La fuerza del Ejecutivo no depende de su liderazgo, de sus convocatorias y propuestas, sino de la cantidad de dinero que él pueda repartir. El Estado corrupto funciona amarrado al Presidente de la República, lo cual se reproduce en cada entidad federativa con los gobernadores y el jefe de gobierno de la CDMX.
La lucha contra la corrupción no depende de un demagógico «sistema nacional». Es absurdo que los usufructuarios de la corrupción deban ser quienes acaben con la misma. Es imposible monitorear cotidianamente a miles de servidores públicos. Lo que es preciso llevar a cabo es organizar con precisión presupuestal el gasto, para ser ejercido y fiscalizado sin permitir que existan recursos «sueltos», discrecionales.
México está en el número 135 de la lista inversa de países donde más se percibe la corrupción. Si la administración central del presupuesto es discrecional entonces las prácticas corruptas penetran en los poros de la sociedad. Todo sistema corrupto reparte dinero, bienes, posiciones y, por tanto, siembra ambiciones.
El secreto de que el empresariado en su conjunto sea débil y titubeante en cuanto a la denuncia y la lucha contra la corrupción, se debe a que en los Estados corruptos el poder del dinero se robustece porque todo se puede comprar, incluyendo la elusión fiscal. Aún más, la existencia en México de una oligarquía, a la que AMLO llama «la mafia del poder», tiene entre sus bases funcionales precisamente un sistema de corrupción con el que se hacen derramas, aunque a los más ricos y a los políticos poderosos les toca la mayor parte.
La corrupción en México ha funcionado como acumulación capitalista originaria, pues ha sido fuente de inmensas fortunas que tienen forma de bancos, fábricas, empresas de servicios, comercios, etc.
Se podría decir que los mexicanos y mexicanas sabemos, al llegar a cierta edad, que nuestras instituciones son corruptas.

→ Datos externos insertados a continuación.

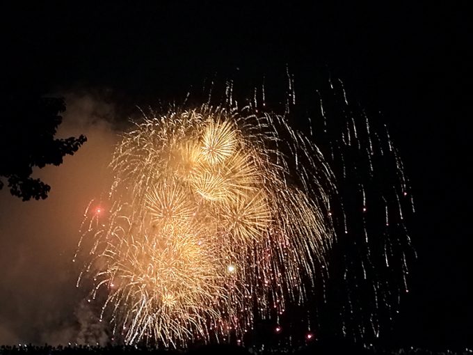 花火の時間になり、カフェから川沿いに移動しました。はっきりとした場所は知らなかったのですが、川の上に花火があがると思っていたのです。そしたらロン橋(ドラゴンブリッジ)の近くのビルなどがある街のほうにあがりました。橋の上から見るのがよかったかもです。いちおう見ることはできました。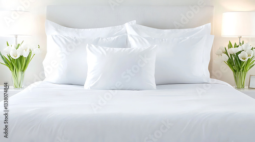 A serene bedroom scene featuring a neatly made bed with white pillows and fresh tulips, creating a calm and inviting atmosphere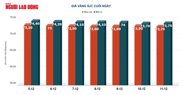Tại Việt Nam, giá vàng SJC cuối ngày 11-12 xuống còn 73,75 triệu đồng/lượng - giảm mạnh 250.000 đồng/lượng so với mức giá đầu ngày là 74 triệu đồng/lượng.

Algunos podrían decir que eso es generalizar demasiado, pero no, sólo es una referencia de la profundidad inconmensurable de la corrupción mexicana.
Frente a este panorama, hay dos grandes opciones: seguir creyendo que la corrupción sólo es producto de «gente mala» o entrar de lleno a la destrucción institucional del Estado corrupto. Podría haber soluciones intermedias pero, de seguro, sin buenos resultados.

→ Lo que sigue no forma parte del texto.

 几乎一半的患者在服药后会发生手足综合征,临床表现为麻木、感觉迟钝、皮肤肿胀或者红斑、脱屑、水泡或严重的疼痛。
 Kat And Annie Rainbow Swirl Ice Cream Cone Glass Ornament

Antes que persecución, hay que reformar la administración pública del país. Así de grande es el reto. No tendría mucho sentido dedicarse desde el gobierno a buscar a los corruptos (lo cual tendría que hacerse en alguna medida), si no se modifica la manera de administrar cada peso de los presupuestos y de los ingresos no previstos o excedentes.
No se crea que las leyes deberían cambiar demasiado. Bastaría con algunas reformas. Lo que se debe lograr es lo que existe en muchos países: la autorización del gasto es estricta, así como su comprobación. En otras palabras, no se puede usar dinero para lo que no está destinado por decreto, ni se debe permitir que se administre en forma irregular. Aquí no habría «cero tolerancia» sino elemental y sencilla función pública, una nueva normalidad.

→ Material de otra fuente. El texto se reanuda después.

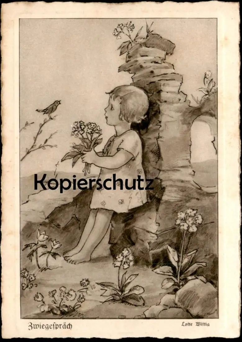 ALTE POSTKARTE ZWIEGESPRÄCH MÄDCHEN & VOGEL KIND 1931 LOTTE WITTIG child bird enfant Oldenburg-Wittig postcard cpa

Al tiempo que sea modificada la forma de administración y rendición de cuentas, se tendría que cambiar también el sistema de gestión, con el propósito de eliminar las mordidas a lo ancho y largo de la administración pública.
Cualquiera diría que el que esto escribe ha perdido la razón. Pues sí. Hay que perder la razón del sistema político mexicano, la de gobernar con manejos discrecionales de fondos públicos y raterías como método de gestión.
Este año tenemos una oportunidad. No la dejemos pasar.